A doctor is worried that his patient may be suffering from depression. He asks the patient the following questions. These questions are standard in depression diagnosis.
"Do you have little interest or pleasure in doing things?
Do you feel down or hopeless?
Do you have trouble falling asleep?
Are you tired all the time?
Do you have poor appetite?
Do you feel bad about yourself?"
The patient replies, "Well, ever since I saw two thousand of my fellows crucified along the road, I have been having nightmares. Then they destroyed the temple, murdered a million of us, and drove the survivors into exile. We can't sacrifice to God any more. Then of course there was the mass suicide at Masada. I doubt that we will survive as a people."
"I see," the doctor says. He writes out a prescription for Prozac.
Linguists often remark that different languages contain words that don't translate well into other languages.
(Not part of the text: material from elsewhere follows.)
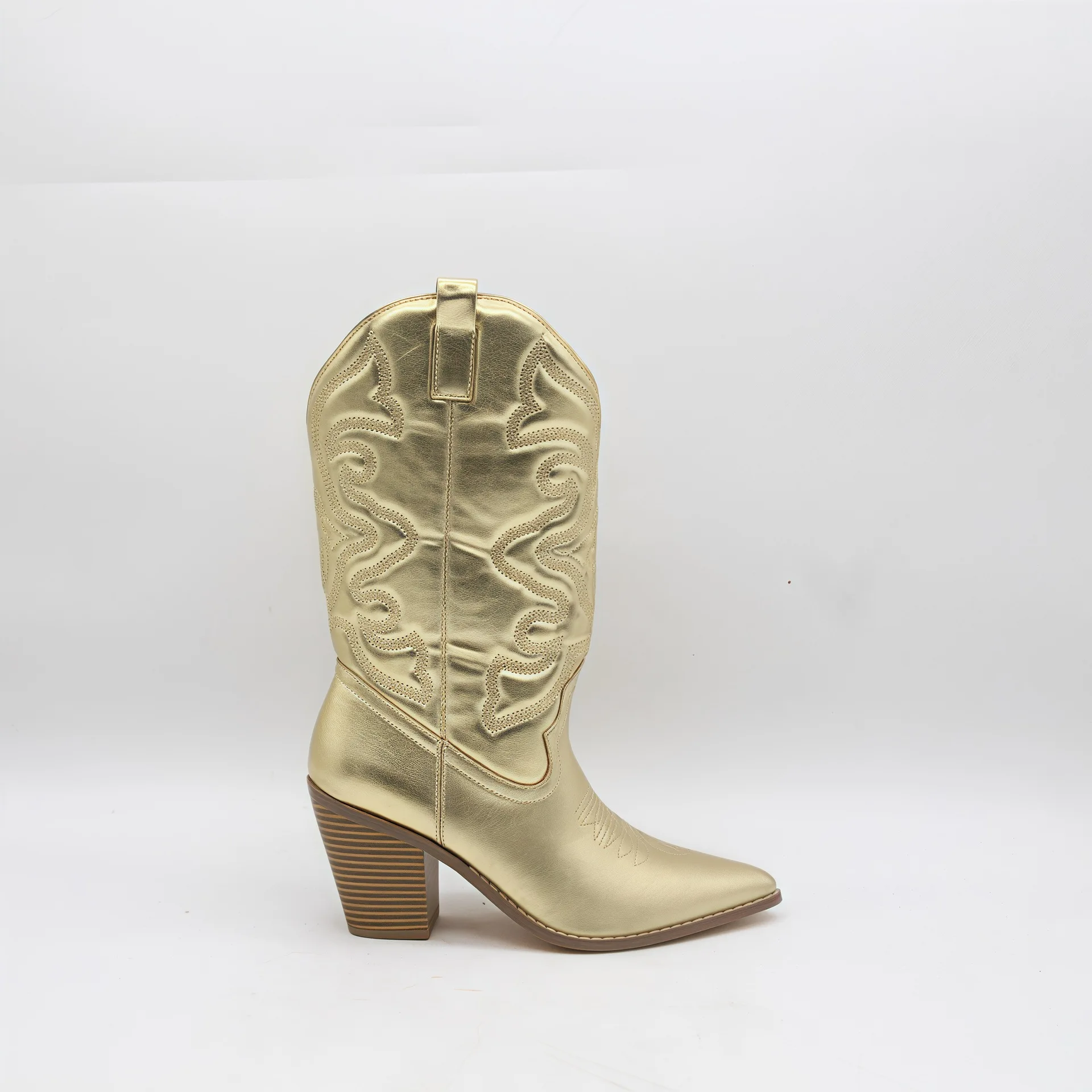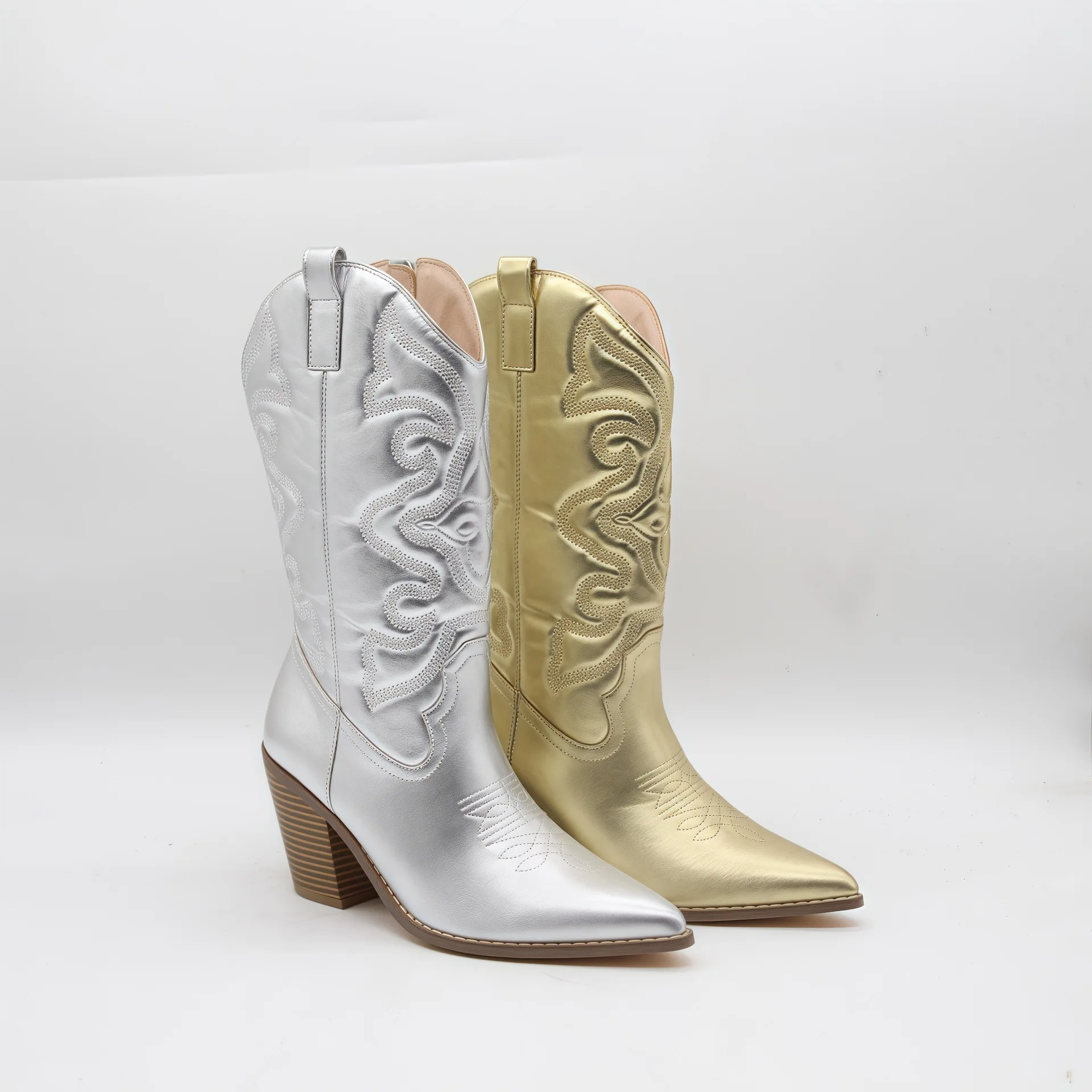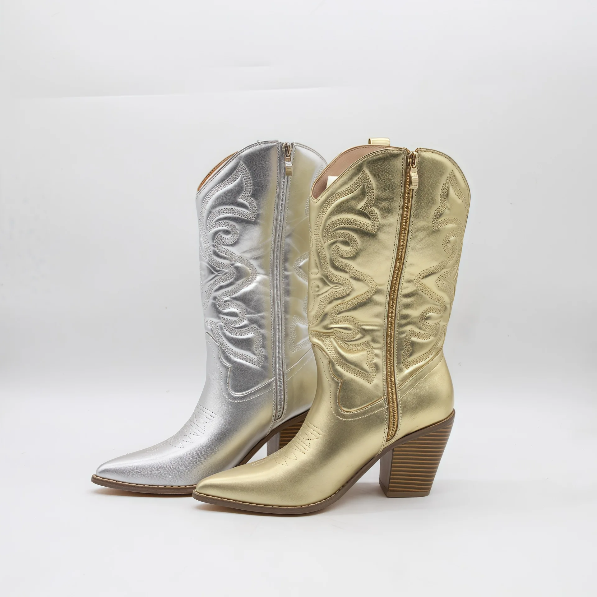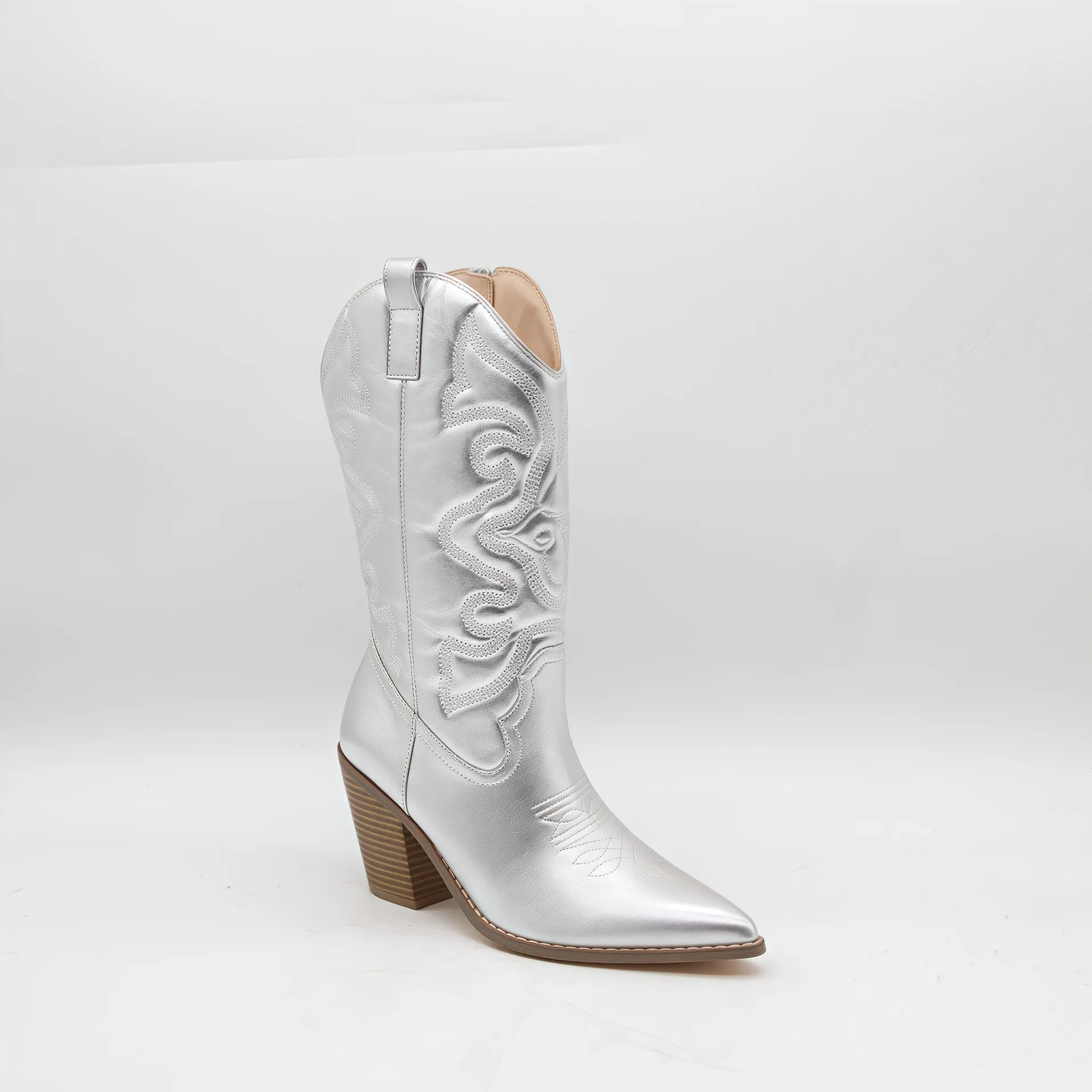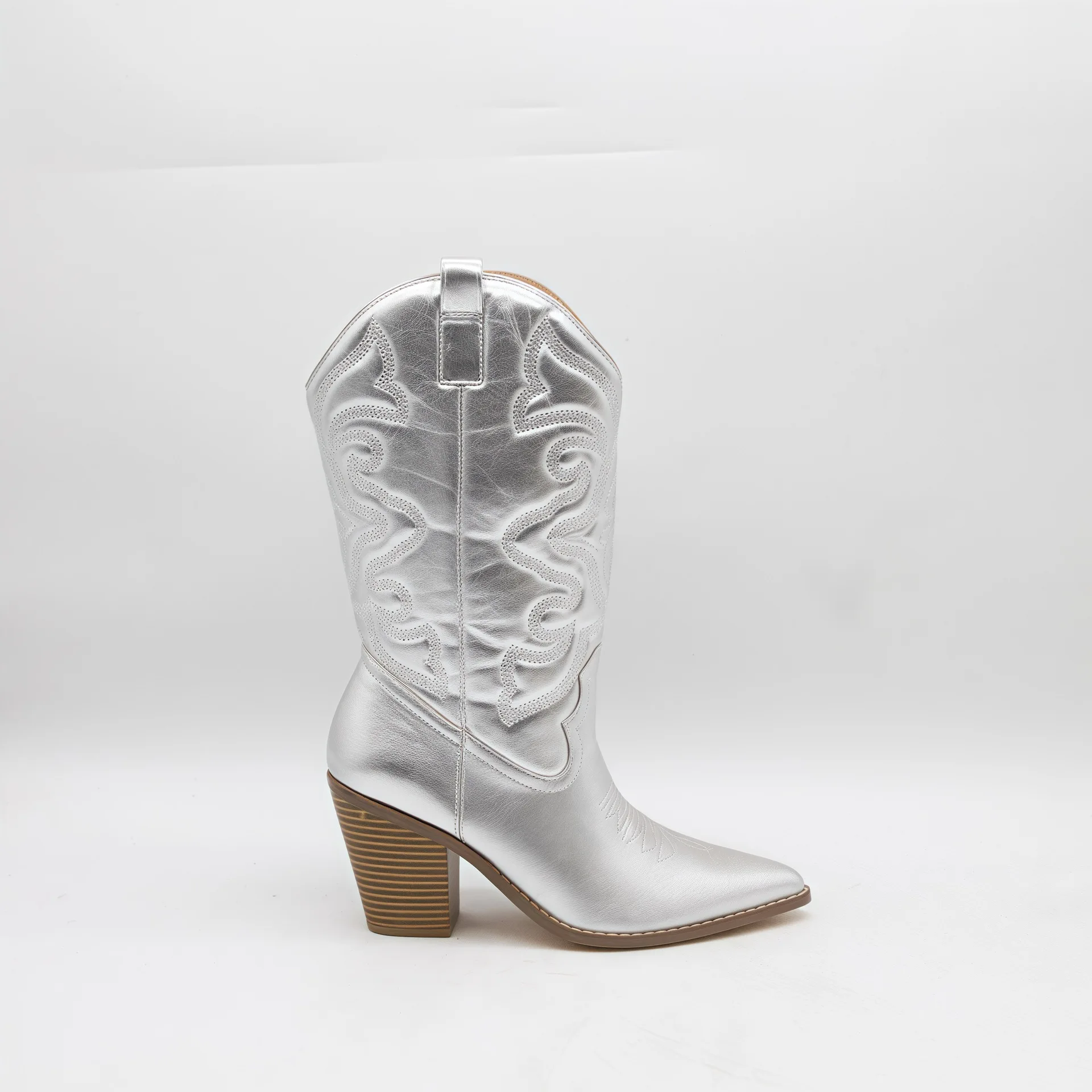 BUSY GIRL HQ1161 Wholesale Women's Silver Metallic Western Cowboy Boots with Embossed Pointed Toe Block Heel Boot PartyStatement

That's why when we want to talk about chutzpah or schadenfreude or champagne or samovars or jihad we resort to words taken from Yiddish, German, French, Russian, and Arabic, respectively.
Some words don't translate from one language to another. Some words don't translate from one time period to another. "Depression" is one of those words that doesn't translate well across eons.
I am observing Lent this year by drawing a Tarot card at random and writing a stream of consciousness blog about it. Today's card is the four of cups. The four of cups depicts someone who looks depressed.
I thought, can I really talk about a twenty-first century understanding of depression in the context of the Bible? I realized, I can't.
And that realization causes me to reflect.
Our understanding of leprosy doesn't translate to the worldview of the Biblical era, either. The Bible mandates strict anathema on lepers.
The thing is, those interpreting that law didn't know how to differentiate leprosy from non-contagious skin conditions. Even people with eczema – which looks and feels really awful but which is not contagious and is not deadly – were subject to shunning.
The Jewish Encyclopedia records, "In the Talmud the classification or definition of leprosy and of its symptoms seems to be determined not by medical ideas, but by a literal and indiscriminating adherence to the letter of the Levitical law; Talmudic sages were satisfied merely with communicating the Biblical decisions. The Rabbis appear at times even to confuse true leprosy with eczema."
Some Christians condemned and cast out lepers. Lepers were judged to be hated by God and heretics.
Christians and Jews lacked complete understanding of leprosy.
There's another twenty-first century word that Christians and Jews in the past did not understand. The word is "homosexual."
What does the Bible say about homosexuality? Nothing.
There are surprisingly few condemnations of same sex intercourse in the Bible. The Old Testament never mentions women having sex with each other. When same sex intercourse is condemned, it's usually condemned as part of exploitative behavior, for example as occurred between Pagan men and their sex slaves, or as part of Pagan orgies.
The Bible never talks about homosexuality – it never talks about people who, through a morally neutral accident of birth, find love in mutually fulfilling, same sex relationships with one other consenting adult. That is absolutely never mentioned in the Bible.
You can read more about this topic here. It's an essay called "What Does the Bible Say about Homosexuality" and it's by Jimmy Creech who was a Methodist pastor for thirty years.
BTW, I don't mention homosexuality after depression, leprosy and eczema to suggest that homosexuality is a disease. I mention it because I think it's a topic, like the previous two, that Biblical authors didn't understand completely. We don't shun lepers any more. We don't shun people with eczema. We don't declare them hated by God.
It will be a good day when the entire church decides to acknowledge what is true to anyone who has eyes: homosexuals are not worse people than heterosexuals, and the love that homosexuals find in committed, adult, consensual partnerships is not less, or less necessary, than the love that heterosexuals find in their committed, adult, consensual partnerships.